Challenges and Solutions

    • I am doing all/most of the talking. It can occasionally be difficult to keep the Lecture Walkthrough format from feeling like a second lecture commenting on the first. This can prevent students from being actively and directly involved in the learning process, nullifying one of the key virtues of discussion sections.

      • Be a guide, not a translator. Rather than directly explaining what is being said in a highlighted lecture moment, ask students to explain what is being said (to you and other students). This will not only help the Lecture Walkthrough format be more of a discussion as opposed to a second lecture, but it will also encourage students to rely on each other (rather than only you) as sources of learning.

      • Invite students to select their own moments to focus on. Encourage (or even require) students to identify moments in lecture that they had questions about or felt were important.

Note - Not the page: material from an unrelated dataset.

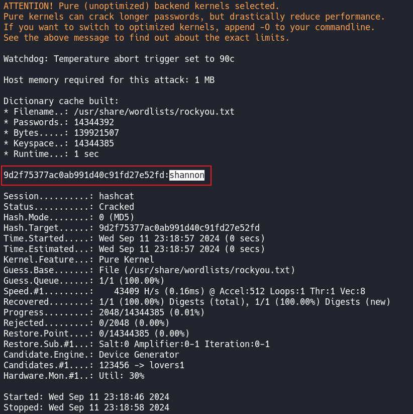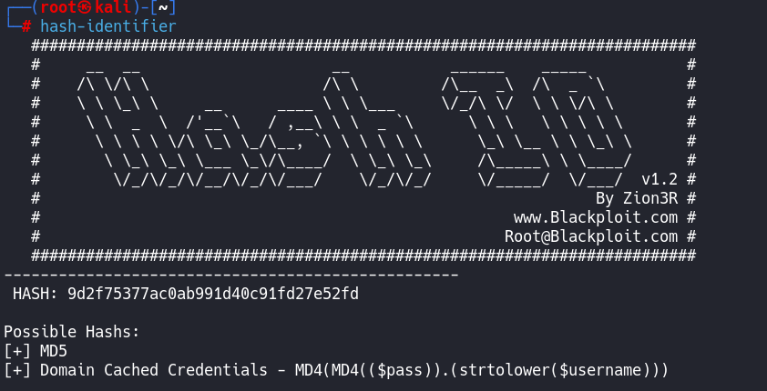 hashcat -m 0 -a 0 9d2f75377ac0ab991d40c91fd27e52fd /usr/share/wordlists/rockyou.txt

This can be done ahead of section or during the walkthrough itself. Let students jump in when their selected moment comes up, and ask them to explain why they’ve selected that moment of the lecture: what question do they have about it or why do they think it’s important? Use this as the grounds for further discussion.

    • Students are responding only/mostly to me, and not to one another. As you are guiding students through the lecture,this format can naturally put you at the center of any discussions that emerge from consideration of the lecture. This strategy can lead to many student-teacher-student or teacher-student-teacher interactions while constraining the number of student-student interactions.

      • Combine Lecture Walkthrough with other strategies. Make the Lecture Walkthrough only part of the agenda in a given section. For example, you might dedicate only the first part of section to the walkthrough and then follow up by breaking into small group discussions. Different activities can shake up classroom social structure, functionally removing you from the immediate section interaction, and thus force students to rely on their peers more.

      • Explicitly incorporate students’ responses into your own responses. When students turn to you for information and feedback, explicitly rely on questions and answers put forth by other students: collect questions/answers on the board or in an online document, use students’ questions, answers, and particular phrasing to frame discussion topics, call out and connect related points made by distinct students, and so on. Even if you are, functionally speaking, at the center of the discussion, you can still make the discussion clearly student-driven. Also, whenever possible, try to give students explicit credit for their contributions.